The process of ending a marriage is frequently an emotionally draining experience. Once the final divorce decree has been granted, it does not always mark the end of interactions with a former spouse. Colorado residents who have endured the process may find that their settlement agreement can be the best source for resolving disputes.

In many situations, a dissolution does not necessarily end the relationship -- especially when children or a business still require input from both parties. In these regular or unavoidable interactions, it is possible that either party may tend to extend courtesies that are not required by the agreement. If, over time, one former spouse demonstrates an inclination to exploit this kindness, it can become a point of contention between the two parties.

Some former partners may suggest that the change in behavior or attitude sets a precedent that makes the official settlement agreement null and void. If these expectations are not what the other party intended, then it is legal and acceptable to revert back to the terms set forth in the agreement. When disputes arise, a family court judge will simply enforce the terms in the agreement and will not change any points unless there is a formal petition submitted. However, in many situations, merely enforcing the terms of the existing contract will be adequate to prevent a former spouse from deviating from the terms.

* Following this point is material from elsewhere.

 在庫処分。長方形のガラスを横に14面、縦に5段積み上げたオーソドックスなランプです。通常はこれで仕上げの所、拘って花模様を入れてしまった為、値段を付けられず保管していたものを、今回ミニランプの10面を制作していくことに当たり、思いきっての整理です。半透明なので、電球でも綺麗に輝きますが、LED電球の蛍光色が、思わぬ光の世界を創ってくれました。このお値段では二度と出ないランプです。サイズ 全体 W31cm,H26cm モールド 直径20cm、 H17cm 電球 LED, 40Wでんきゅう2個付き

In order to ensure that a divorce settlement best meets one's needs, it is beneficial to play an active role in the creation of these documents. While there may be occasions that arise that cannot be settled using the terms of the contract, the majority of the time, simply abiding by the parameters previously set forth will be sufficient to quell any disagreements. Colorado residents who are preparing to initiate their own divorce action may choose to consult with an experienced family law attorney in order to arrive at the settlement that will best represent their individual needs.